We had a set of Heat & Glo, GO24-IPI-NG gas logs installed this past January. After installation, there was an issue with the remote transmitter not functioning and the installing dealer replaced the transmitter and receiver. Everything worked fine until today when the logs ignited by themselves. Remote still indicated OFF, no one in the room. I used the remote to turn the logs off and they responded. I then shut the gas supply off. I have no idea why the logs malfunctioned. Does anyone have experience with this type of malfunction with the Hearth & Home Smart-Batt II remote Control Kits? Is there a manual system that could be used instead of this unit? Is there a reliable remote control system available? Should I just kiss $2600 goodby and toss these in the street?


----------



## Retired Guy (May 14, 2012)

Followup.

Went to the dealer today and learned that it's not uncommon for the smart Batt II system to be energized by radio signals in the area, not just those from the remote. He is taking out the remote and replacing it with a manual switch.
We will sleep much better.


----------



## mygasfireplacerepair (May 14, 2012)

As a Heat & Glo dealer, I can say we have had a lot of problems with these remotes.  Sadly, most of the time, they just don't work.  I've never had one turn on randomly though.  Most of the time they won't turn on. Maybe the receiver overheated or the milivolt wires melted together?


----------



## pyrotom (May 31, 2012)

The Heat & Glo IPI system is run by a DEXEN valve on a pair of D batteries. It is a simple system.
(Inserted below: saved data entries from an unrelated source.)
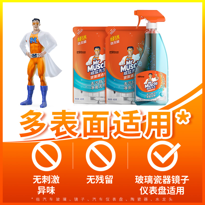 威猛先生擦玻璃水洗浴室玻璃清洁剂家用淋浴房擦窗喷雾强力去污垢
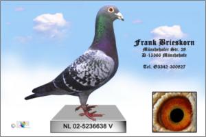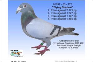 ORIGINAL M + G + A. MACK.( ALEMANIA ). MACHO AZUL. NIETO DE "SILVER SHADOW II " HERMANO DE "SILVER START " 17º " AS PALOMA DE ALEMANIA" SU PADRE ES NL-00-1489207 -V HIJO DE "SILVER SHADOW II ". SU MADRE; ES HERMANA DE "VOLARE" AS PALOMA ALEMANIA 1999 LINEAS VAN LOON. EIJERKAMP.
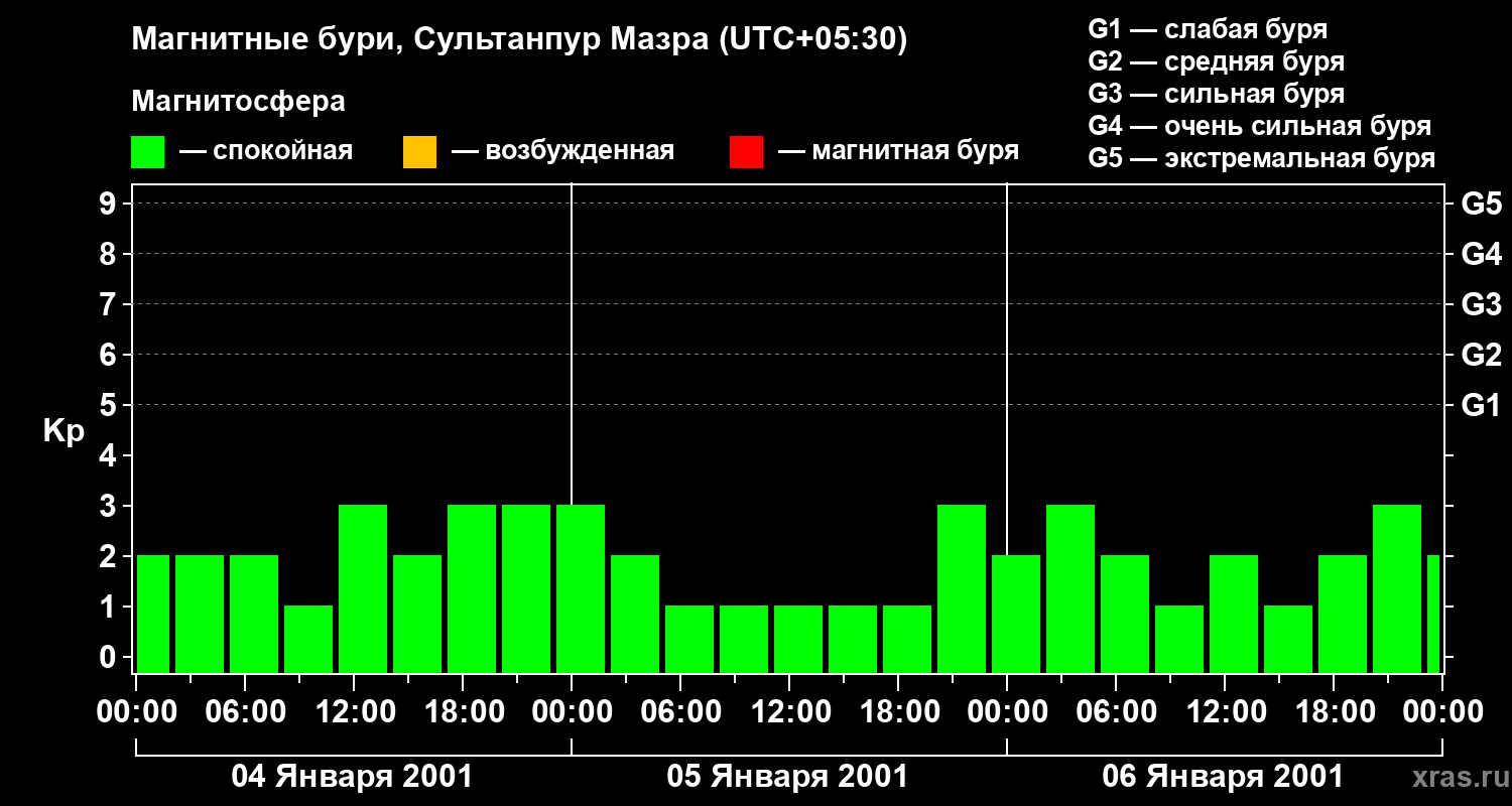 Магнитные бури в Сультанпур Мазре 6 января 2001 года

You can put a simple switch in there (White Mountain Hearth ships a log switch with every set of millivolt logs, we have a pile of them out back) or you can change to a SKYTECH 1001A, which is a much more trouble-free remote control.


----------



## Don2222 (Jun 10, 2012)

Retired Guy said:


> Followup.
> 
> Went to the dealer today and learned that it's not uncommon for the smart Batt II system to be energized by radio signals in the area, not just those from the remote. He is taking out the remote and replacing it with a manual switch.
> We will sleep much better.


 
Hello

I have a Heat N Glo with a remote also. I have not had that problem but one of my friends did. One thing I did find, is that the remote does not seem to be accurate in turning the unit on/off to adjust the set temp. So I put a millivolt T-Stat on the wall and wow that works great! I also have a manual switch next to the T-Stat so if I just want a fire, I can just flip it on!


----------